Conformément à la quête
taoïste, ils ont percé les secrets de la nature et atteint la vie éternelle.
Tous sont morts et se sont transformés. Les hagiographies relatent à l’envi leurs métamorphoses ou leur disparition, signes tangibles qu’ils ont rejoint la source vive du réel.
Leurs pouvoirs sont nombreux : ils sont endurants, rapides, restent jeunes, contrôlent hommes et bêtes, sont guérisseurs, exorcistes, devins. Certains ont le don d’ubiquité, peuvent devenir invisible ou même voler. Mais ce sont surtout des maîtres en métamorphoses. Il donnent à lire enfin dans leur rencontre l’instabilité foncière des choses et personnalisent la transformation de soi et celle corrélative du monde.
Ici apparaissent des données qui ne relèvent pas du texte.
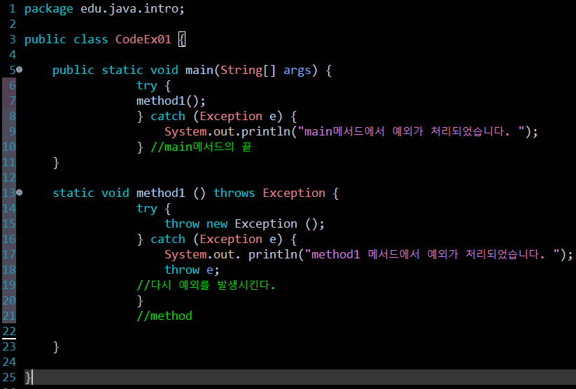 예외 되던지기란? 한 메서드에서 발생할 수 있는 예외가 여럿인 경우, 몇 개는 try-catch문을 통해서 메서드 내에서 자체적으로 처리하고, 그 나머지는 선언부에 지정하여 호출한 메서드에서 처리하도록 함으로써, 양쪽에서 나눠서 처리되도록 할 수 있다. 그리고 단 하나의 예외에 대해서도 예외가 발생한 메서드와 호출한 메서드, 양쪽에서 처리하도록 할 수 있다. 예외를 처리한 후에 인위적으로 다시 발생시키는 방법을 통해서 가능한데, 이것을 예외 되던지기(exception re-throwing)라고 한다! 먼저 예외가 발생할 가능성이 있는 메서드에서 try-catch문을 사용해서 예외를 처리해 주고 catch문에서 필요한 작업을 행한 후에 throw문을 사용해서 예외를 다시 발생시킨다. 다시 발생한 예외는 이..

Ces immortels affectionnaient les endroits montagneux et isolés. Chacun d'eux
représente une condition différente : le militaire, le vieux, le riche, le haut
fonctionnaire…
C'est aussi un symbole de renouvellement et de fécondité, un emblème du
mariage. Un décor de fleurs de pêcher évoque l'harmonie dans le mariage et le
second mois de l'année. Selon la légende les pêches apportent le bonheur aux
nouveaux mariés parce que la période la plus propice aux mariages heureux est à
la première lune du nouvel an chinois, en février, époque où fleurissent les
pêchers.
Les 8 immortels ont également inspiré un art martial
imitant les mouvements d’un homme ivre qui joue avec le centre de gravité et
une instabilité apparente avec des chutes, il s’agit en fait de d’une ruse pour
déstabiliser l’adversaire. Cette Boxe de l’homme ivre Zui Quan aurait été
inspire par un poème écrit sous la dynastie Tang, intitulé « Les huit
immortels dans le vin » et décrivant les immortels s'enivrant.